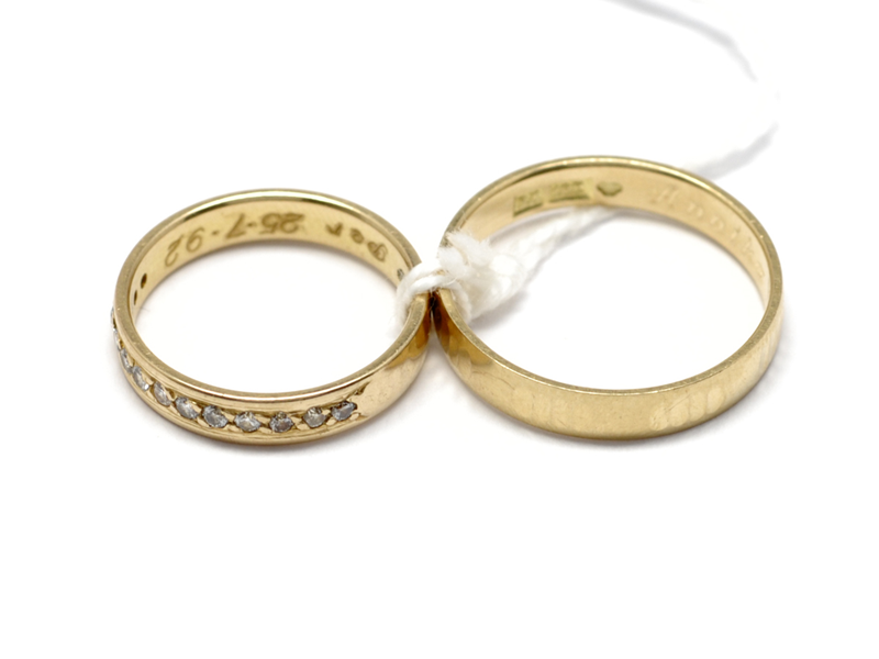 Lot of gold, 18K with engraving, with diamonds 13 x approx 0,02ct 7,5g
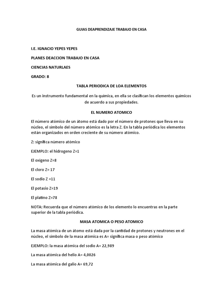 NOTA: Recuerda que la masa atómica o peso atómico (A), lo consigues en la parte superior
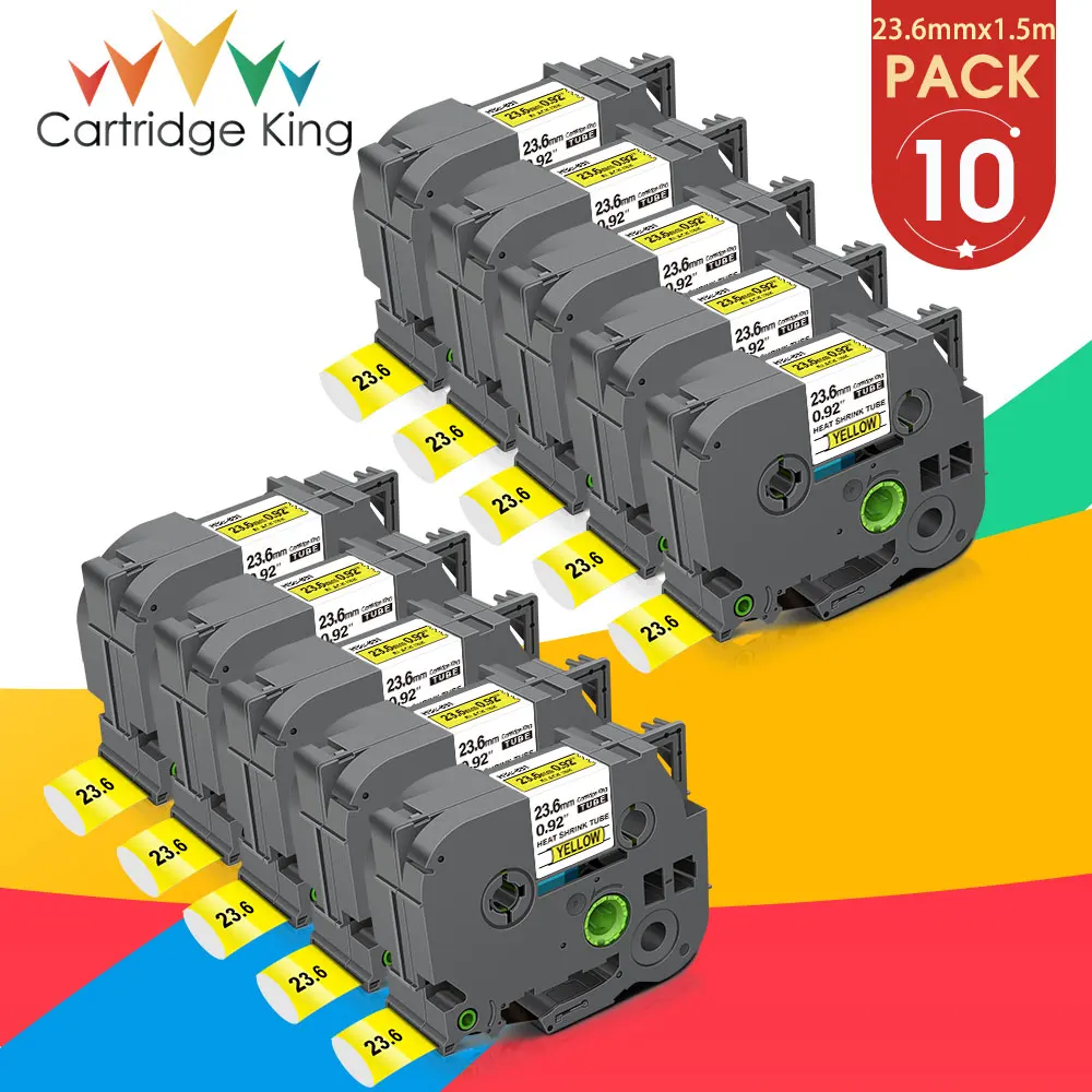 10pcs hse Label For Brother HSe 651 HSe-651 Heat Shrink Tube Tape HSe651 Black on Yellow 23.6mm For Brother P touch Label Maker

ASSIGNMENT: Set down again, exactly, the lines of the material above from its first line to the one with "NOTA: Recuerda que", inclusive. Leave the pictures out.

ANSWER TO THIS TASK:
 Lot of gold, 18K with engraving, with diamonds 13 x approx 0,02ct 7,5g
 NOTA: Recuerda que la masa atómica o peso atómico (A), lo consigues en la parte superior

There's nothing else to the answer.